Pictures in the material below are to be left out, and only the lines from the line with "In Pictures: The World's 25 Dirtiest Cities" up to and including the line with "In late 2019, EM-ONE, in" are to be written out exactly.

## TASK INPUTS

::::::::::

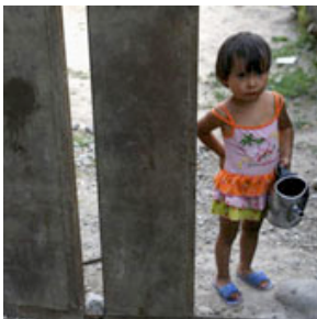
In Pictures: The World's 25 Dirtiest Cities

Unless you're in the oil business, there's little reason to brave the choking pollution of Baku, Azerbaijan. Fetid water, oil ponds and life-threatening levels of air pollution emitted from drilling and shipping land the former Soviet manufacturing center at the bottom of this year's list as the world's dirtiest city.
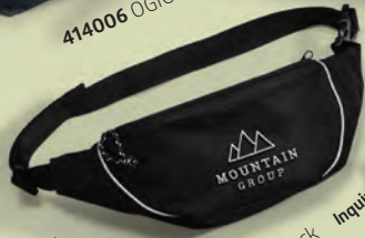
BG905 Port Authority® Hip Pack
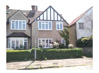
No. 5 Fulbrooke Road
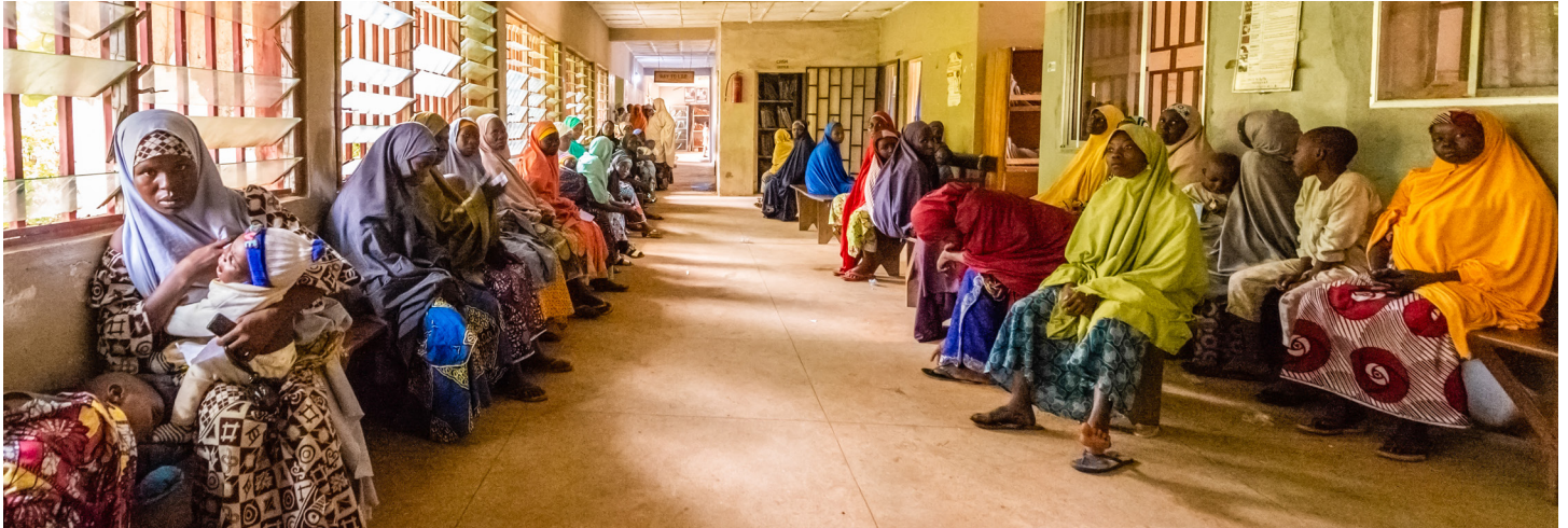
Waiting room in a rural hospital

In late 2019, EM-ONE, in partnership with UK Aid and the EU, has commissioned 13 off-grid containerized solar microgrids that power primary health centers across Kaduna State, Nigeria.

::::::::::

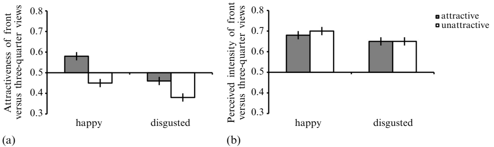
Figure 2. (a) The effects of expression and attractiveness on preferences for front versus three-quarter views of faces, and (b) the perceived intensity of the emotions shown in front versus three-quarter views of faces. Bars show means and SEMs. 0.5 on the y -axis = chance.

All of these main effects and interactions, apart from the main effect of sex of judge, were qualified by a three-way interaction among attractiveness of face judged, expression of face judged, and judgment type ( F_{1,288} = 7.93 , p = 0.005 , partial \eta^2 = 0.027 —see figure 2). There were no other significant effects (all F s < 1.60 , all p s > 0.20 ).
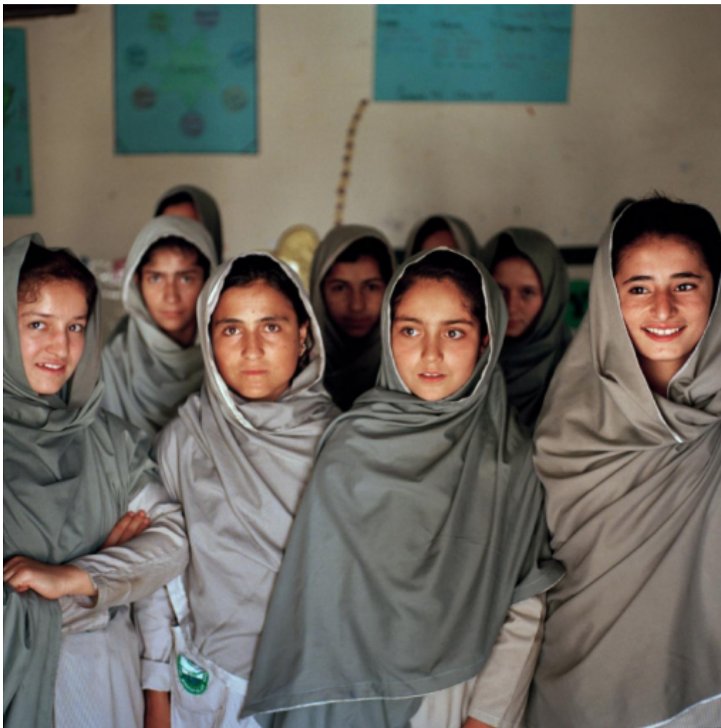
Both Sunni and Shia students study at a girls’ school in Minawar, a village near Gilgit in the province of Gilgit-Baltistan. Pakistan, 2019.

::::::::::

## SOLUTION TO THE PROBLEM
In Pictures: The World's 25 Dirtiest Cities

Unless you're in the oil business, there's little reason to brave the choking pollution of Baku, Azerbaijan. Fetid water, oil ponds and life-threatening levels of air pollution emitted from drilling and shipping land the former Soviet manufacturing center at the bottom of this year's list as the world's dirtiest city.
BG905 Port Authority® Hip Pack
No. 5 Fulbrooke Road
Waiting room in a rural hospital

In late 2019, EM-ONE, in partnership with UK Aid and the EU, has commissioned 13 off-grid containerized solar microgrids that power primary health centers across Kaduna State, Nigeria.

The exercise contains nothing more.